We’ve had a great run with our Talking Travel feature so far. In March, we sat down with Lois Pryce, who chronicled her solo motorcycle trip from Alaska to the southern tip of South America in her book, Lois on the Loose. April saw two great conversations, one with American Shaolin’s Matthew Polly, and another with Tim Ferriss, author of The 4-Hour Work Week.

May is turning out to be an even bigger month for Talking Travel. Here’s a sneak peak of what’s to come:

Be sure and keep an eye out for these in the coming weeks.

Talking Travel with Timothy Ferriss

Serial entrepreneur and ultravagabond Timothy Ferriss has been featured by dozens of media, including The New York Times, National Geographic Traveler, NBC, and MAXIM. He speaks six languages, runs a multinational firm from wireless locations worldwide, and has been a world-record holder in tango, a national champion in Chinese kickboxing, and an actor on a hit television series in Hong Kong — all by the age of 29.

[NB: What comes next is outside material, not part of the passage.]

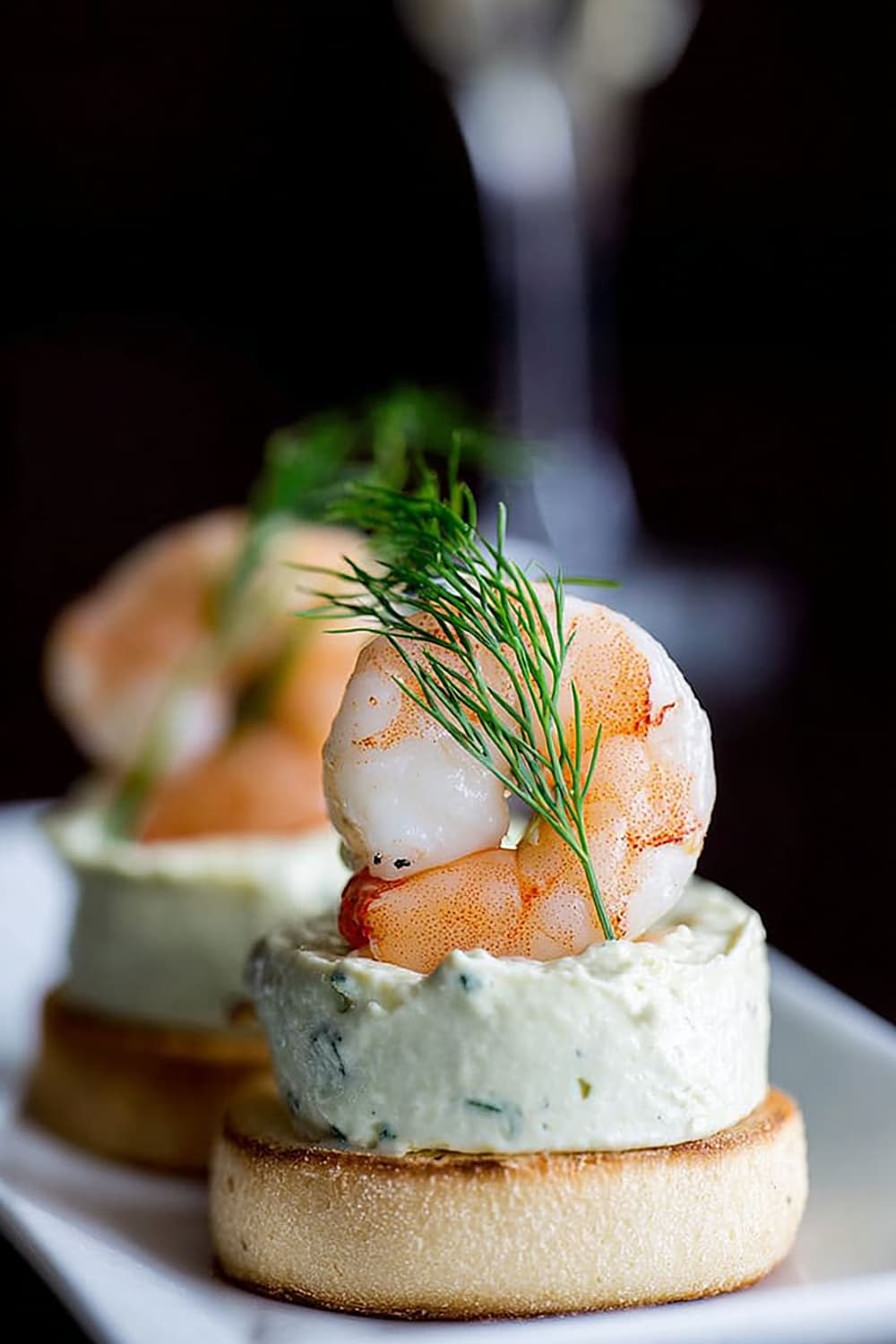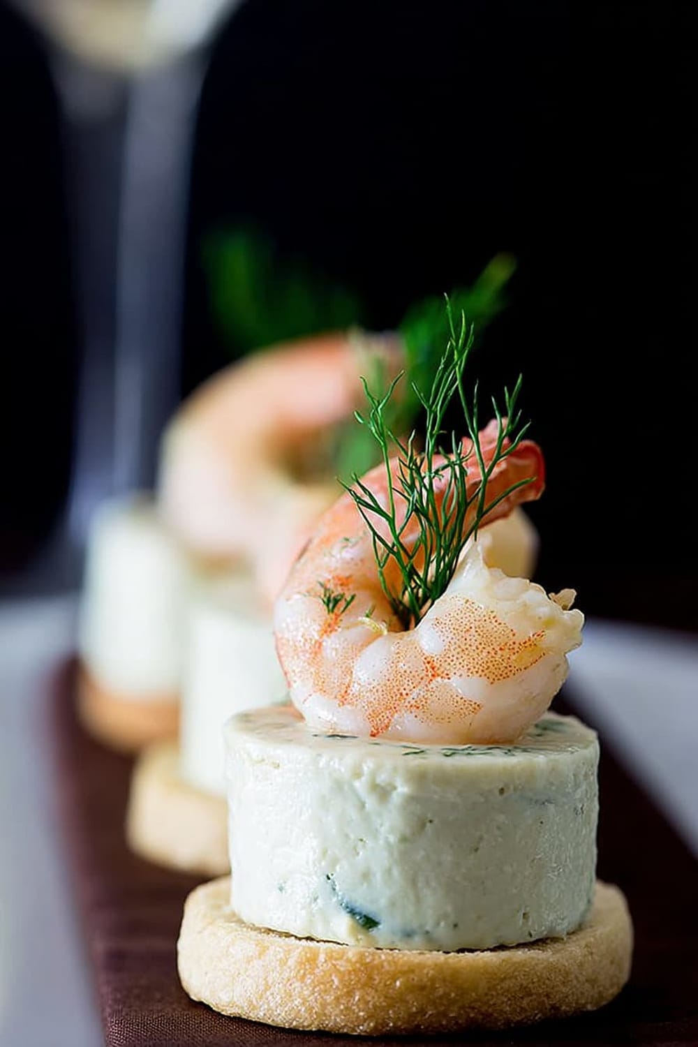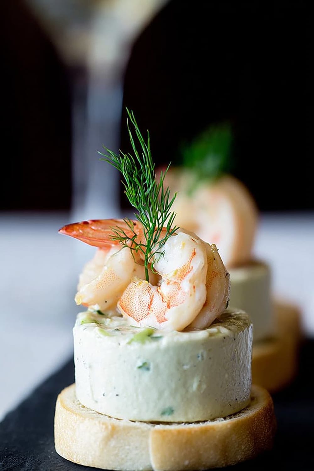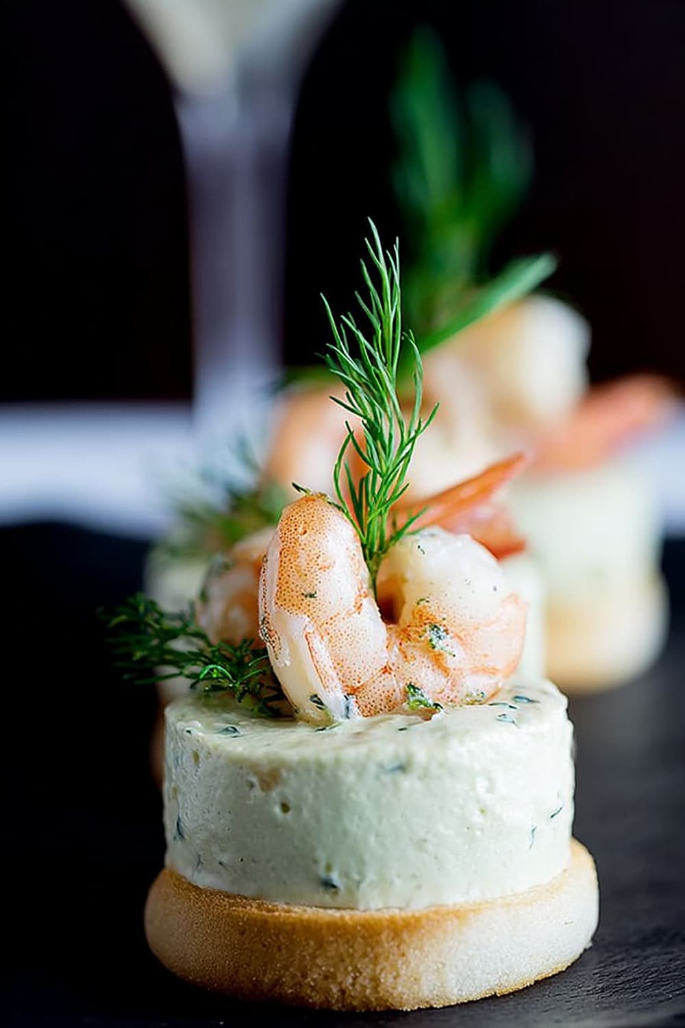 - Using a flat knife, carefully transfer each mousse bite onto a toast round, then crown with a shrimp and fresh dill sprig. Serve immediately for best texture contrast.

His new book, The 4-Hour Workweek: Escape 9-5, Live Anywhere, and Join the New Rich, was released on April 24th, and it quickly rocketed to the #8 spot of Amazon’s best-seller list. Gadling got the chance to sit down with Tim, and discuss everything from his new book, his travels, language learning, and what it takes to scape that 9-5 job, live anywhere in the world, and join the “new rich.”

As always, Gadling has a few copies of his book to giveaway, so stick around after the interview to find out how you can get your hands on one.

How did you get started traveling?

It was thrust upon me as a sophomore in high school. I was selected to spend a year living in Japan as an exchange student, and it became my first trip outside of the U.S.. I was told I would receive “Japanese classes,” which ended up being actual classes — physics, classical Japanese, world history — alongside 5,000 Japanese students! Talk about lost in translation. I’d only had six months of Japanese in the U.S. prior to landing and couldn’t even read exit signs. Even though I had failed to learn any Spanish in two years of study in gradeschool, in Japan I went from being illiterate to writing an article for my high school’s newspaper in 11 months. Thereafter, my progression period for learning languages got shorter and shorter. The reason for this is simple: though I lacked the proper methods (the “how”), I became very good at choosing material (the “what”). This is the difference between being efficient and being effective.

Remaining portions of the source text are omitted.